By Jason DeRusha, WCCO-TV

MINNEAPOLIS (WCCO)
-- When the engines rev and the 747 goes flying down the runway, a lot of us have a hard time keeping it together. After a Southwest Airlines plane lost 5 feet of fuselage in mid-flight, it gave people with the fear of flying another reason to freak out. So, how safe is it to fly?

"I am TERRIFIED of flying!" wrote Emily Wheeler on on Facebook. "I used to just have a few cocktails before/during the flight, but that made it worse. I now have to take prescription meds to calm me down," she added.

"Biggest fear on earth," added Kate Raddatz. " I lose sleep a few weeks before we travel.
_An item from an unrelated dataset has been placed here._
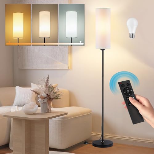 Seruno X Floor Lamp White Standing Lamp with Remote Control, Dimmable Color Temperatures, 9W Bulb Included, Modern Black Pole Standard Corner Lamp with Foot Switch for Living Room Bedroom Office

My dad gets out his lists of 'why flying is safer than driving' as we're taking off & I read it every time."

"These people are so well-trained," said Ruth Markowitz, MA, a license clinical psychologist an partner of the My Sky Program, a Twin Cities weekend class that teaches people how to deal with their fear of flying.

According to Markowitz, nearly 40 percent of us are afraid to fly, and 10 percent just avoid airplanes all together.

"People with fears of flying have lots of control issues and they have a really good imagination," said Markowitz.

In 2009, the National Transportation Safety Board reported 33,808 deaths on U.S. highways, as compared to 538 aviation deaths. Fifty people died in a 2009 commercial airplane crash, which is the only U.S. commercial airplane crash over the last 4 years.

A U.S. National Safety Council study found flying to be 22 times safer than traveling by car, considering that more than 3 million people fly every day. A Boeing aircraft takes off or lands every 2 seconds someplace in the world every day, making the low fatality rate even more impressive.

"People with fears of flying often have an accumulation of stressors," said Markowitz, and aren't really afraid of a literal plane crash.

"Statistics don't offer comfort at all," she explained, because most people who are afraid of flying know the odds. "They're afraid of losing control of themselves on a plane."

In her classes, pilots teach people how the plane actually works, while psychologists try to address the other issues leading to the fear.

"I am really afraid to fly, but I do it so I can travel. I think it is the not being in control issue for me. I am going to Italy in September and already dreading the flight," wrote Sheryl Frankel.